From a broader perspective, the DELOS model defines are six basic concepts defined, which are related to the Digital Library:
- Content understood as the data and information that is available in the digital library. The content is composed of a set of collections which organise it appropriately to the needs of a particular digital library. The content means not only the raw data, but also metadata and other information related to digital objects.
- A User which covers any actor interacting with the digital library, including humans and machines. This concept cover all of the elements such as management of users, rights assignment user preferences, etc.
- Functionality which is the whole set of actions that is possible to perform on a digital library, including searching and browsing capabilities, new objects registration, etc.
- Quality defines a set of parameters that characterise and evaluate the content and behaviour of the digital library.

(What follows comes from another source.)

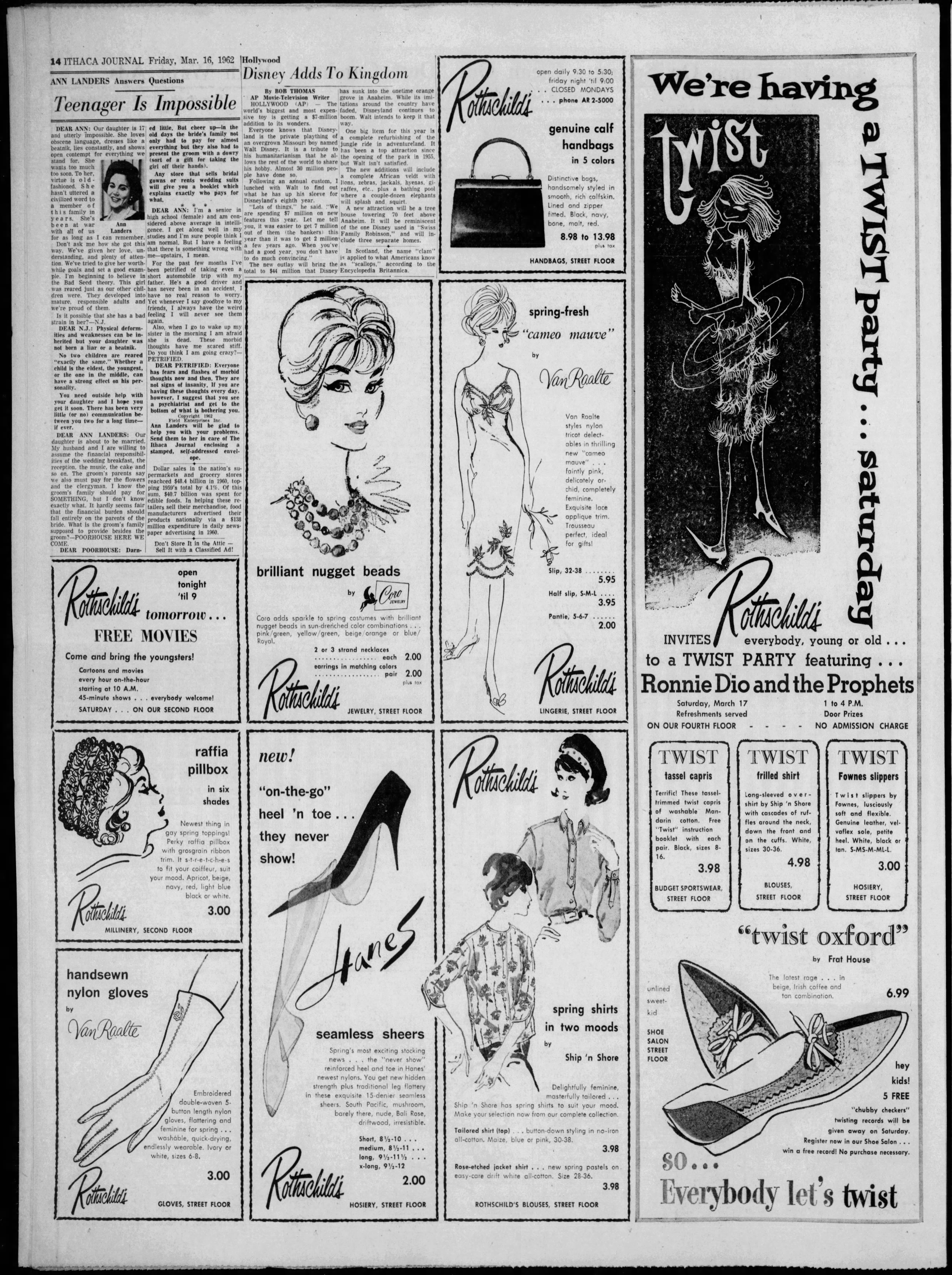 | 1962-03-17 | Rothschild's Department Store - 4th Floor | Ithaca, NY | USA | Ronnie Dio and the Prophets | Click here for gig ad from 1962-03-16 The Ithaca Journal newspaper. | |

This is related not only to the functionality of the digital library, but also to the quality of content.
- Policy represents rules, procedures and regulations related to the interaction digital library and its users, both virtual and real.
- Architecture is related to the Digital Library System element and concerns its internal composition and building blocks.

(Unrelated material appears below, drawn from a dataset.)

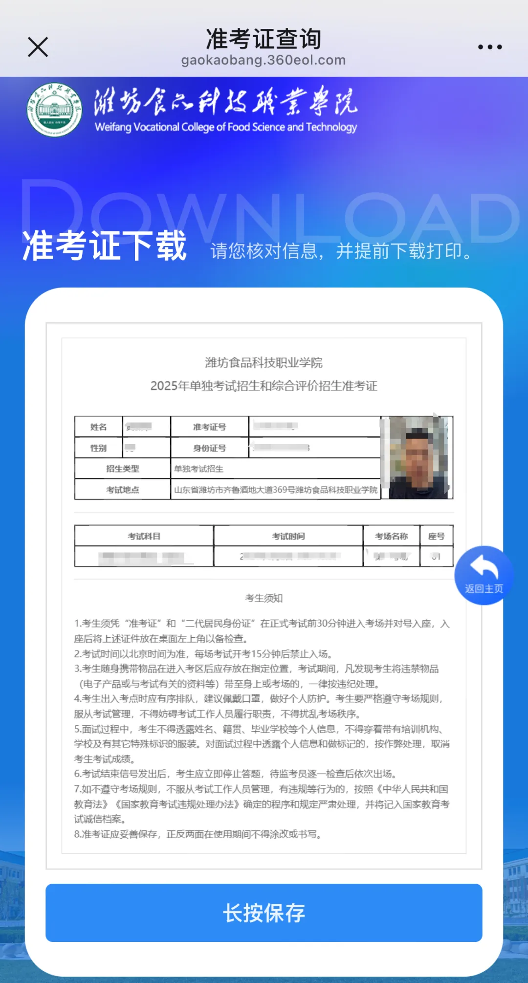 根据《山东省教育厅关于做好2025年高职(专科)单独考试招生和综合评价招生工作的通知》(鲁教学函〔2025〕1号)、《潍坊食品科技职业学院2025年高职(专科)单独招生和综合评价招生章程》等文件精神,现将我校2025年单招综评网上缴费及准考证打印安排如下:

The above description is depicted in the following image:
Figure 2: Concepts related to digital libraries – the figure comes from the DELOS Digital Library Reference Model.

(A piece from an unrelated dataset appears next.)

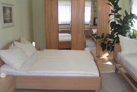 Diese 55m² Komfortferienwohnung ist barrierefrei und besteht aus einem geräumigen Schlafzimmer mit Doppelbett und Einzelbett, einer großen, komplett eingerichteten Wohnküche, einem Vorraum mit Garderobe, einem Badezimmer mit großer Duschkabine und einem vom Badezimmer getrennten WC.
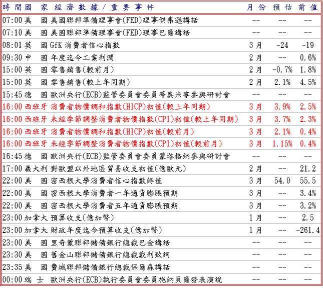 隨著歐洲央行 (ECB) 數據顯示,2 月銀行對企業貸款加快增長達 2.9% 及對家庭貸款增長保持 3.0%,並據 ECB 副總裁德金多斯稱,歐元區銀行受中東戰爭的直接曝險有限,但仍可能引發系統性壓力,而且市場研究機構 GfK 和紐倫堡市場決策研究所 (NIM) 發布德國 4 月消費者信心指數降至負 28.0,打壓歐元兌美元至 1.1519 低點。預估今日歐元兌美元阻力於 1.1530-50,支撐於 1.1440-60。

The model is completed by the following groups of identified users:
- DL End-Users exploiting a digital library and consuming digital objects.
- DL Designers defining the way a digital library is defined and maintained, so that DL End-Users are satisfied.
- DL System Administrators selecting digital library software components, responsible for high quality of digital library software and accessibility of the digital resources.
- DL Application Developers developing software components both for a digital library system and a digital library management system.
The model describes in detail a digital library software system and can be easily used when developing a digital library system. The important aspect here is the strict recognition of the software components, actors identification and interaction between particular elements of the model. This model has also been used as a basis to prepare The Digital Library Reference Model within the DL.org EU-funded project.
Open Archival Information System
The OAIS model is recommended and published by the Consultative Committee for Space Data Systems, National Aeronautics and Space Administration from USA. It is also an ISO standard – ISO 14721:2003. According to the OAIS reference model, an OAIS is an archive, consisting of an organization of people and systems, that has accepted the responsibility to preserve information and make it available for a Designated Community. It is underlined that the model is dedicated to any archive that needs to preserve content over a long time. It is also stressed that the model does not show any details related to software implementation, but gives a general overview on the archive information system and the way it should be organised.
The model concepts related to the OAIS archive environment include:
- Producers providing information which are to be stored in the archive system.
- Consumers which search, browse and download information from the archive.
- Management responsible for a definition of the rules and procedures for the archive, not directly connected with day to day activities of the archive.
- Producers transfer data to archive which stored the data.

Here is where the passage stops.